#### Task to complete
Your job with the data below is to output exactly the lines from the one holding "pressió internacional ha" down to the one holding "Gemüse mit und ohne Orgonit", both included, and no others.

#### Raw data
______________________________

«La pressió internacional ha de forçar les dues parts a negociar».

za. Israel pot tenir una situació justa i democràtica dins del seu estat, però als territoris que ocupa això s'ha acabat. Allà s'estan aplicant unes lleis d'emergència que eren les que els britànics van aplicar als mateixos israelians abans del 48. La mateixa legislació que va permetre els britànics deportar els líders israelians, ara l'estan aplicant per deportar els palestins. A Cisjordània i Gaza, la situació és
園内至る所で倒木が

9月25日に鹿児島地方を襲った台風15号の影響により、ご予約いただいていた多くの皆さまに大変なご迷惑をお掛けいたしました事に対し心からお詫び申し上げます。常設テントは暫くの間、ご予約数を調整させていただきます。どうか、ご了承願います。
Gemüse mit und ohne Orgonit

______________________________

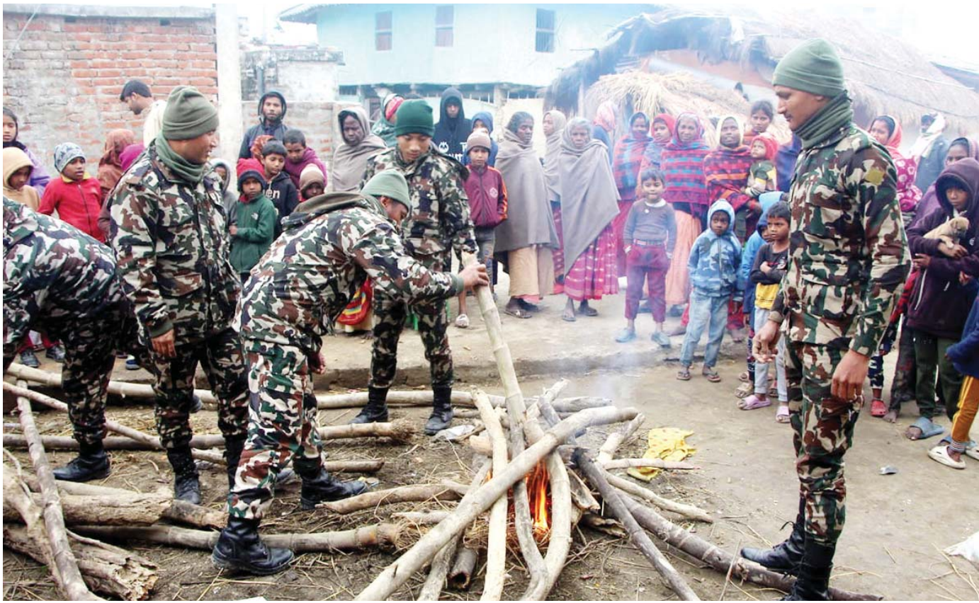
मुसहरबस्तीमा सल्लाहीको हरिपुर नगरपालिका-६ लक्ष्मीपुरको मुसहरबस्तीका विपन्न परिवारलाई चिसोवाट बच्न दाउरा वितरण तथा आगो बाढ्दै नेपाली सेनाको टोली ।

______________________________

#### Result
«La pressió internacional ha de forçar les dues parts a negociar».

za. Israel pot tenir una situació justa i democràtica dins del seu estat, però als territoris que ocupa això s'ha acabat. Allà s'estan aplicant unes lleis d'emergència que eren les que els britànics van aplicar als mateixos israelians abans del 48. La mateixa legislació que va permetre els britànics deportar els líders israelians, ara l'estan aplicant per deportar els palestins. A Cisjordània i Gaza, la situació és
園内至る所で倒木が

9月25日に鹿児島地方を襲った台風15号の影響により、ご予約いただいていた多くの皆さまに大変なご迷惑をお掛けいたしました事に対し心からお詫び申し上げます。常設テントは暫くの間、ご予約数を調整させていただきます。どうか、ご了承願います。
Gemüse mit und ohne Orgonit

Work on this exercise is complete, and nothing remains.